Newborns and drug studies: the NICHD/FDA newborn drug development initiative.

BACKGROUND

Progress has been made in research on the effects of drug therapy on pediatric patients, but neonates are still an understudied population. Those most likely to receive drug therapy (eg, preterm infants) are least likely to be studied.

OBJECTIVES

The purposes of this article are to summarize an initiative developed jointly by the National Institute of Child Health and Human Development (NICHD) and the US Food and Drug Administration (FDA) and to introduce a series of articles developed as a result of this initiative.

METHODS

Information for this article was gathered from the proceedings of a workshop cosponsored by the NICHD and the FDA that took place March 29 and 30, 2004, in Rockville, Maryland.

RESULTS

: Dosing based on use in adults and older children has resulted in adverse events among newborn infants, and may have long-term effects. Moreover, formulations appropriate for use in neonates are often unavailable, and compensatory efforts such as mixing crushed tablets into formula may interfere with accurate dose delivery. Under the Best Pharmaceuticals for Children Act of 2002, government agencies work with experts in pediatrics and pediatric research to develop and prioritize a list of off-patent drugs for which pediatric studies are urgently needed.

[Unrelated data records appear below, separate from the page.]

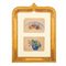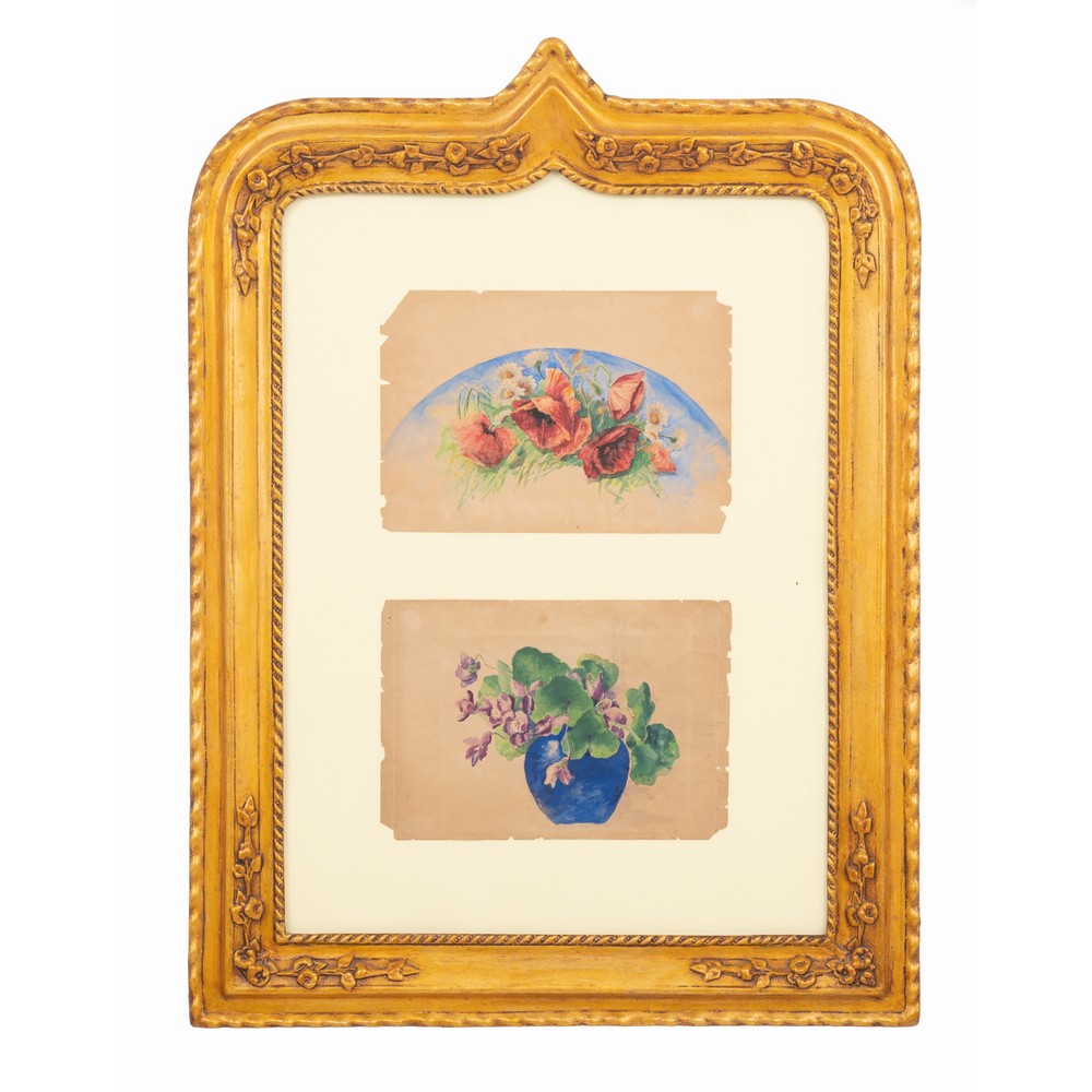Cornice a punta in legno dorato ad argento e mistura con all'interno due acquarelli su carta raffiguranti "Fiori".
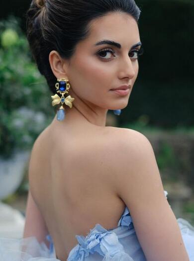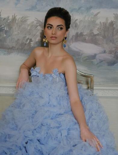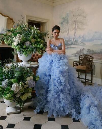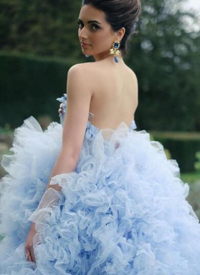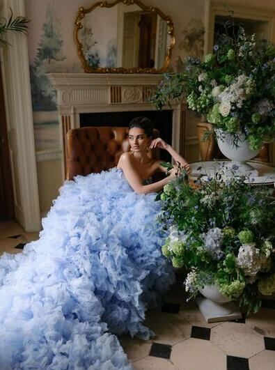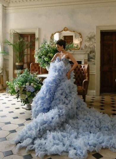 豪華!カラードレス 華やかなトレーン 爽やかで優しいブルー 柔らかく重ねたチュールスカート
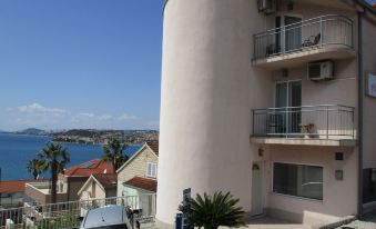 We were staying in Split but left the accommodation (despite paid for the whole time of our holiday) as it was too hot basement accommodation with not enough fresh air and I got ill from air condition which was directly over the bed. Luckily my husband found this hotel. We had room No 4 with balcony and view to the sea. In the room was small fridge and air condition, large wardrobe for storage and kettle for making tea with mugs and glasses. It was very clean, the bed was comfortable - exactly what I needed to get a little bit better. We enjoyed sitting on the balcony and just relaxing. We made our own breakfast and went for the dinner to the nearby hotel Eden. The owner and her mum were very nice. The sea was only about 5 minutes walking down the hill and there were many shops to buy what you need incl. pharmacy. Unfortunately we stayed there only 4 days till end of our holiday in Croatia but if we would go again to this area we definitely would chose Pink Inn.
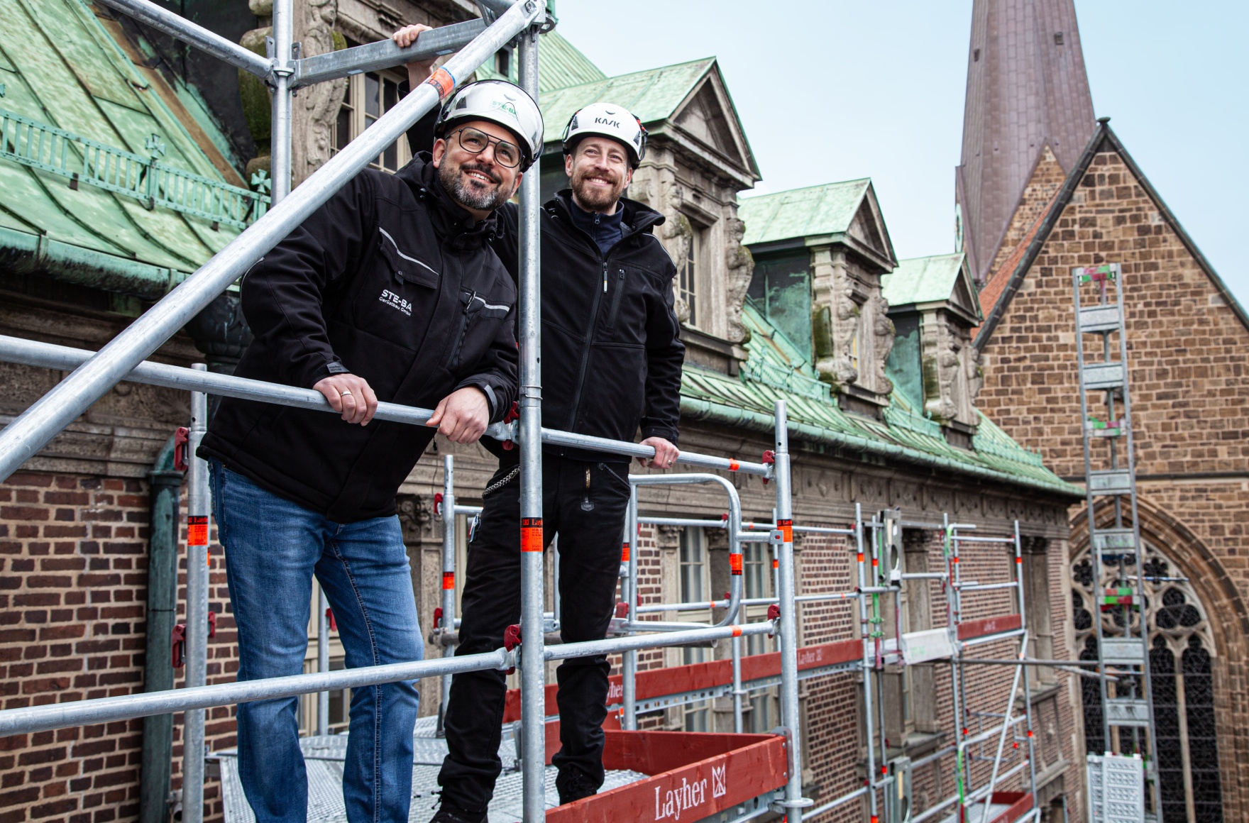 „Die partnerschaftliche Zusammenarbeit mit den Gerüstbauern von Bädecker ist die Basis für unser beider Erfolg“, so Ingo Barge, Gebietsverkaufsleiter bei Layher, und René Stender, Regionaler Vertriebsleiter von Layher, unisono. Die Gerüstspezialisten des Bremer Unternehmens wurden im Trainingszentrum von Layher in Eibensbach auf dem AGS System geschult und konnten so unmittelbar von der Erfahrung der Layher Richtmeister profitieren. „Auch sonst arbeiten wir bei vielen Projekten eng zusammen, was sich bei diesem Projekt an der gemeinsamen Planung auf Basis des 3D-Laserscans des Rathauses mit dem Technischen Büro in Eibensbach eindrücklich zeigt“, berichtet Lars Ukena. Mittlerweile haben die Bremer technisch wie personell aufgestockt und können mit einem eigenen technischen Zeichner und der Software der LayPLAN SUITE die Planung zunehmend digital selbst angehen.
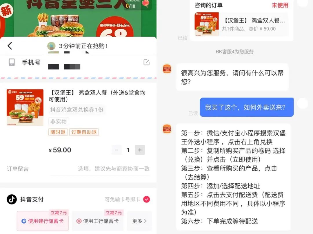 第三種,通過美團(tuán),用戶下單后獲取美團(tuán)核銷碼,再去美團(tuán)重新下單,然后由美團(tuán)配送體系履約。這種復(fù)雜的操作讓消費(fèi)者和商家皆感疲憊。
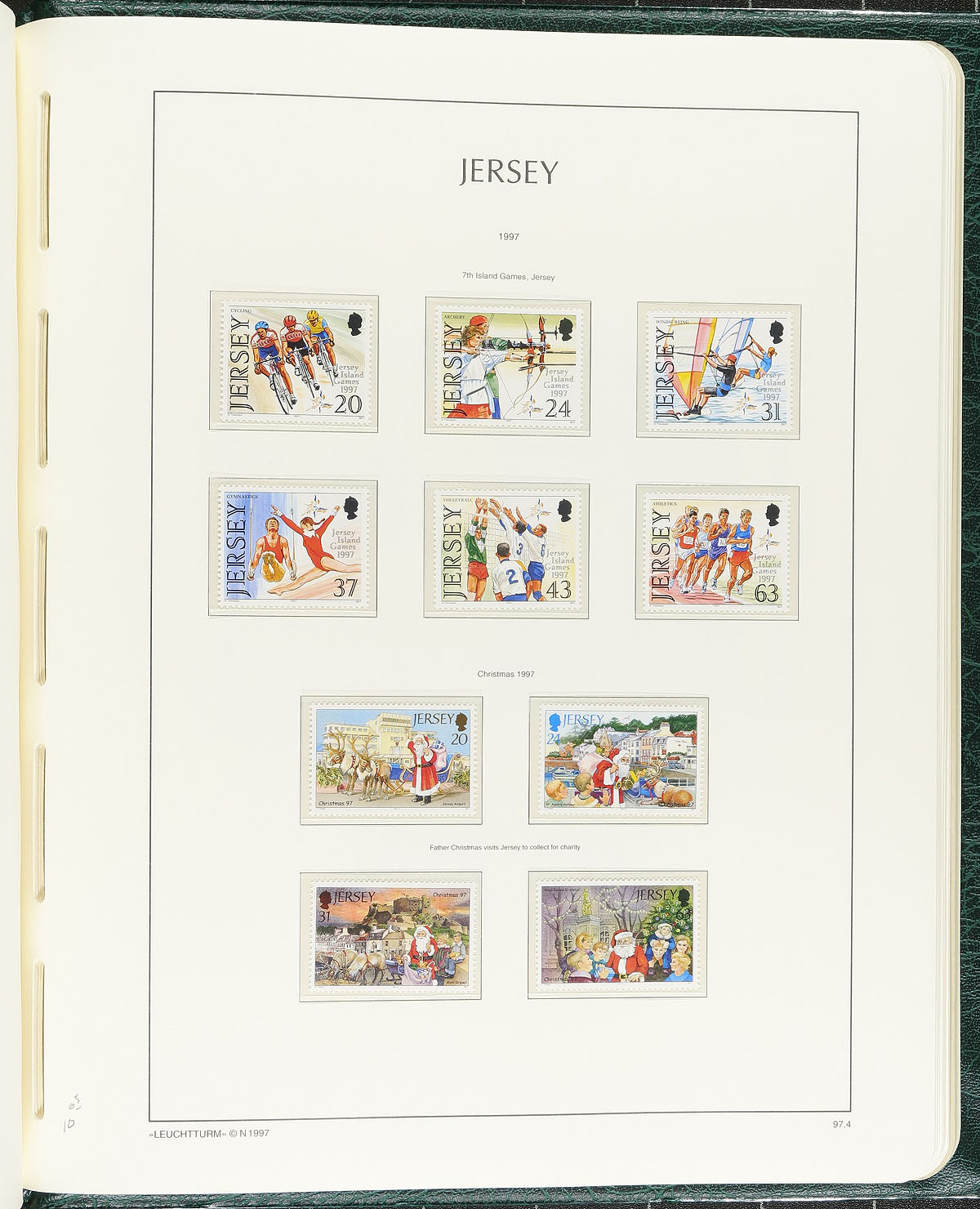 Lovely collection of primarily never hinged Jersey, 1941-2006, containing roughly 1,450 stamps in two Lighthouse albums with slipcases. The collection ranges from Scott #N1/1206, containing several sets, souvenir sheets, and a few postage dues. A spot check indicated some sets cataloguing $5 to $15 each, with a 2026 Scott catalogue value for the collection totaling US$1,755.00 ($2,369.25 CDN). A lovely collection that should be continued, very fine. Estimate =

Four such listings were published in the Federal Register from January 2003 through January 2005. The NICHD and FDA have also initiated the Newborn Drug Development Initiative (NDDI), a multiphase program to determine gaps in knowledge concerning neonatal pharmacology and clinical trial design and to explore novel study designs for use in newborns, with the ultimate goal of increasing our knowledge about the safety and efficacy of drugs used to treat newborns.

CONCLUSIONS

Most drugs used to treat newborns still lack appropriate dosing, efficacy, and safety studies in this vulnerable population. The NICHD and FDA developed the NDDI as an ongoing process to identify and suggest strategies for addressing obstacles to conducting drug trials in the newborn.